Suburbs Respond To Prisoner Release Program: No Way!

On Tuesday, state and local officials proposed that inmates released from the downtown Twin Towers Correctional Facility (county jail) should be sent to the community from which they were arrested.
In other words, if you were arrested in Long Beach for public intoxication, when you are released, you should be sent back to Long Beach. Too many people are released in downtown Los Angeles, and then end up homeless on Skid Row.
Well, the local suburbs have responded… and quickly… Here are some of their responses:
Calabasas Mayor: "This is a plan for balkanization of the region, with every city trying to do the same thing without any expertise and the advantage of a concentration of resources," he said. "We would never fight a common war city by city. But that is what this plan would have us do."

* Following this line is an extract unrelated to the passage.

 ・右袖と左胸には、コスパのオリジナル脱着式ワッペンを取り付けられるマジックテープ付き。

West Covina Councilmember: "They shouldn't go back to where they were arrested unless they live there."
Montebello Mayor: "I understand not leaving a person in downtown, where there's already a serious problem. But then again, if you are going to simply transport the problem to another community, I am not sure that would be the kind of solution folks in the local cities would approve of."

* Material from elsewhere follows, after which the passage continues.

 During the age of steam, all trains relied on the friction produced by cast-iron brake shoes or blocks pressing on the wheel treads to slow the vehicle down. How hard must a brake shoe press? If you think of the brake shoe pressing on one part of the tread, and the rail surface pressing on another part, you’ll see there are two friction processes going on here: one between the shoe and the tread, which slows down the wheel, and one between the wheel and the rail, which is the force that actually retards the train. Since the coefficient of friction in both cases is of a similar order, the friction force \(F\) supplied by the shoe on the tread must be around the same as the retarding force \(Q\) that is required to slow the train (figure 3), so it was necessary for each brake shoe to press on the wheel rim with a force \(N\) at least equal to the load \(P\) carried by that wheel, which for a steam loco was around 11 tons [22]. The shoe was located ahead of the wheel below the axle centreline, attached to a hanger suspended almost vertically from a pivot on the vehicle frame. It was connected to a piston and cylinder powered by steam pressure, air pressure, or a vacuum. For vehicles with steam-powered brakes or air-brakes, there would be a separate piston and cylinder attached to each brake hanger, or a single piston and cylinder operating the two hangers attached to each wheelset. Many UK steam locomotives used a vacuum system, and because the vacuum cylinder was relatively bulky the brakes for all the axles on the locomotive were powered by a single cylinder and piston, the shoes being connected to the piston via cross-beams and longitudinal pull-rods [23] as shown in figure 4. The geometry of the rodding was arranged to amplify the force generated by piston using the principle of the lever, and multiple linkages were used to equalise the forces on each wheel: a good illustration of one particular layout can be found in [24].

Pasadena Mayor: "Returning people from downtown seems equitable, but it does require that resources are available to tackle the issue these people have. Right now, there is a concentration of resources downtown. A redistribution of resources is not going to be easy to achieve."
A regional approach is obviously the solution—spread out the services and housing for homeless throughout the County. Especially when homelessness occurs all over. The difficulty is NIMBYism (Not In My Backyard!).

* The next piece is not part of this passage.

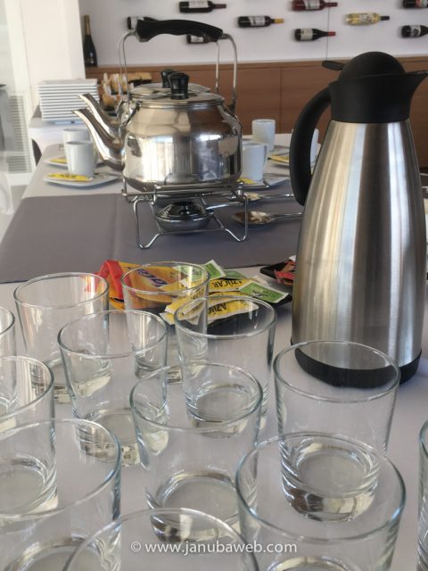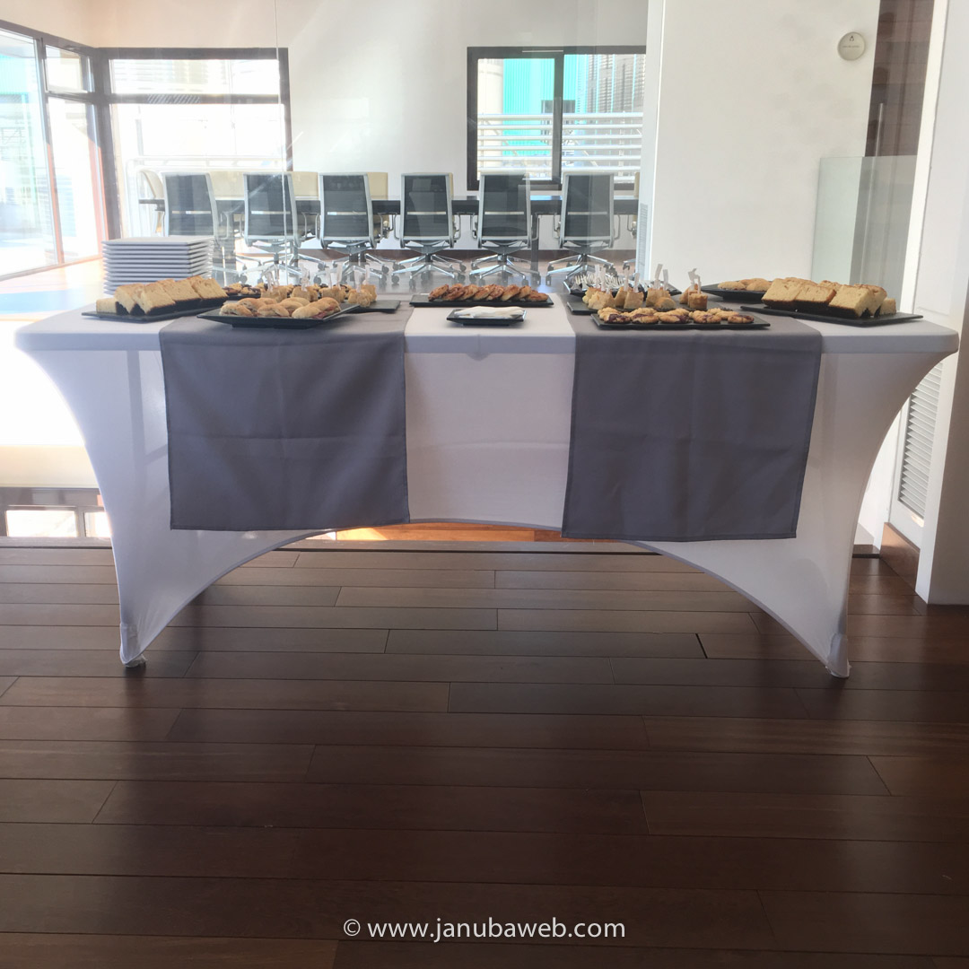 Se trataba de un grupo reducido de invitados que, en un momento de la reunión, iban a hacer un receso para poder tomar un café acompañado de algunos «dulces y salados». A partir de ahí comenzó nuestro trabajo. Este tipo de coffee-break ha sido bajo la modalidad de autoservicio, consistente en dejar todo montado y retirarnos para cuando lleguen los invitados. Este tipo de servicio no existe la atención personalizada al cliente en el momento del servicio sino, con antelación a este y, por supuesto, una vez que se haya terminado.

What bedroom community in L.A. County is going to welcome with open arms, a 100-bed homeless shelter. Overcome this reluctance, and a regional approach is the proper solution…




3 Comments:
JOel,
Would you cite your sources please?
WOuld like ot see where this information came from?
If these municipalities refuse to accept their part of the problem they should pay los angeles to increase thse resources. It might be a nice sourse of revenue for services. Why don't they take care of the problem in those municipaliteis ,, if not pay up !!!!!!!